She smiled again, and it was no easier to look at than the last one.
“Met, I’d say you’re going to have a hard enough time going back without bringing a pregnant sister with you. Can’t you just see it? Maybe that horrible mother of his could babysit while you and Pom go to marriage counseling.”
I looked at her.
“I know about things up here, you and T.C.,” she said. “Glynn couldn’t wait to tell me. She jumped me the minute I walked in. Listen, I don’t care, for God’s sake. I hope it was wonderful for you. I just wanted you to know that I know about it, so you don’t feel like you have to talk around it. You’re hurting; any fool can see that. I gather it wasn’t…a small thing.”
“No. Not a small thing.”
“I’m sorry. I really am. Your time to talk now, if you want to. Listening to man trouble is one of the things I do best.”
“I can’t,” I said briefly. “Laura, what did Glynn say? I need to know.…”
“Not much, other than you’d been screwing him behind her sainted daddy’s back and she hated him and you and couldn’t wait to get home and tell on you.”
I could feel what was left of the color drain out of my face. This time she was the one to reach over and take my hands.

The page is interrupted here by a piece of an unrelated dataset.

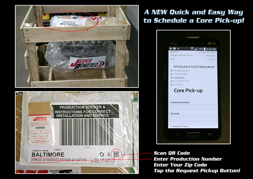 Moving forward, June 1st, 2016 and after, all JASPER Products being produced will include a Core Pick-up QR Code at the lower right folded corner of the Customer Installation Instructions. To use this convenient new service, all you will need is a smartphone or tablet with a QR Code Reader App (which can be downloaded for free from most App Stores). Simply open a QR Code Reader App, scan the Core Pick-up QR Code, enter the Production Number located at the lower left folded corner of the Customer Installation Instructions, enter your zip code and tap the Request Pickup button. You’re done! It’s just that easy. Customers will also still be able to schedule a core pick-up without the QR Code on the JASPER website or by phone. This QR Code is just another way JASPER can add convenience to you and your busy schedule.

“I don’t think she’s going to do that,” she said. “I gave her total hell. I’m quite sure nobody has ever talked to her like that in her entire virginal little life. When I finished she was bawling like a baby. I think she retired to her room with that big old dog of T.C.’s, to lick her wounds. Not before she washed that goop off her face and out of her hair, though. I told her she looked like every other little mall tramp on the face of the planet. Among other things…My God, that nose ring! When will they learn how silly they look with them? Like cattle just waiting to be led around.”
“She said…she said she could smell it…you know…smell it on me,” I whispered. “It was a horrible thing to say. I don’t know which was worse, that she said it or that she could recognize it.”
She laughed. It was a better sound, almost an old Laura sound.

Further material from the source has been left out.